— Мы знаем, что желания отнимают у нас, — продолжал магистр, — и что ни у нас книга хранится. Разве не смотрим мы в бездну над головой? Разве не спрашиваем себя: зачем мы сами воздвигли небо и разукрасили, когда в нём столько расщелин?
— Нет, — таким же негромким хором отозвалось общество, — не знаем.
И Бурса продолжал:
— Братья и сёстры! Не сочли ли мы ложью истину в состоянии смятенном, когда она пришла к нам?
— Нет, — не громко прозвучал хор. — Нет.
После первой и чисто ритуальной части по правилу полагался небольшой перерыв. А после перерыва обычно обсуждение текущих дел и проектов.
Во время перерыва к Бурсе подошла княгиня.
— Магистр, я хотела бы, во избежание неловкости, предупредить Вас.
Бурса был рассеян и погружен в свои мысли:
— О чём Вы хотите меня предупредить? — не без удивления он всмотрелся в княгиню Ольховскую.
По случаю праздника Наталья Андреевна была одета в мужской кафтан из чёрной шёлковой материи, через плечо княгини была перекинута широкая перевязь со шпагой, а на голове широкая мужская шляпа. Губы её чуть растягивались в улыбке.
— Я не могу более молчать, — произнесла она так тихо, что и Бурса с трудом уловил смысл слов. — Я хочу заявить перед всеми братьями и сёстрами о том, что Вы, Ваше превосходительство, находитесь в тайном заговоре со своим ужасным братом и действуйте по одному плану.
— Я с Иваном заодно!?. — искренне удивился Бурса.
Княгиня Ольховская, ни слова больше не говоря, вытащила из рукава сложенный листок, сама развернула и подала его Константину Эммануиловичу.
Это было письмо Виктора. Это письмо проделало большой путь. Найденное на теле мёртвого карлика, оно было отправлено в Петербург со специальным курьером. Курьер доставил конверт на каменную набережную Фонтанки и передал прямо в руки камердинера княгини Вольфа Иваныча, и уже от него письмо перешло к Наталье Андреевне.
— Откуда у Вас это? — спросил Константин Эммануилович, пробежав глазами письмо. — И что это доказывает?
Это доказывает, что Трипольский и Аглая, также как и Вы, сами печётесь о делах Ивана Бурсы. Кто рекомендовал Андрея Трипольского обществу? Вы. А в свою очередь Трипольский привёл и Аглаю. Мы до сих пор не установили, кто предал наш филиал в Париже. Братьям и сёстрам, думаю, будет интересно узнать об этой связи.

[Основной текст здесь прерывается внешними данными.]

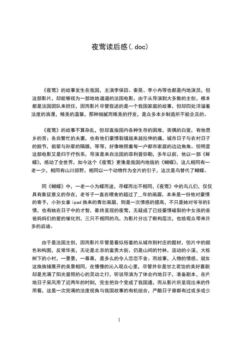 同《蝴蝶》中,一老一小为蝶而迷,寻蝶而出不相同,《夜莺》中的鸟儿们,仅仅具有象征意义的存在,老爷子一直在喂食的超过了__年的画眉,本来是一份他对豪情的寄予,小孙女拿ipad换来的青壮画眉,则是一次情感的提高,不只是她对爷爷的豪情,也有她在日子中的才智,最终呈现的夜莺,无疑成了已经豪情破裂的中女孩的爸爸妈妈们的爱的催化剂,三只不相同的鸟,为影片分出了断构层次,也给观众带来许多的启迪。

— Но, по-моему, этого недостаточно, — возразил спокойно Бурса. — Или у Вас ещё что-то есть?
— У Вас есть, — сказала княгиня. — У Вас есть записка от племянницы. Записку Вам привёз господин Растегаев и вручил из рук в руки.
— Но откуда? Неужели Сергей Филиппович?
— Вы удивлены?
— Помилуйте, Наталья Андреевна, записка сильно испорчена водой. В ней всего-то и можно прочитать полторы строчки. Это ничего не доказывает.
— В сочетании с письмом Виктора вполне достаточно, — Ольховской вынула из руки магистра письмо и сунула его обратно себе в рукав. — Так что приготовьтесь к неприятному разговору.
— Но ведь вы сами знаете, что всё это ложь. Согласен, поверят Вам а не мне, обстоятельства против меня, но зачем же всё это устраивать? Глупо же, Наташа, глупо.
— Но мы могли бы договориться.
— И чего же Вы хотите?
— Жезл, — почти не открывая губ, проговорила Ольховская. — Я хочу ваш магистерский жезл. Я считаю, что место магистра «Пятиугольника» по праву принадлежит мне.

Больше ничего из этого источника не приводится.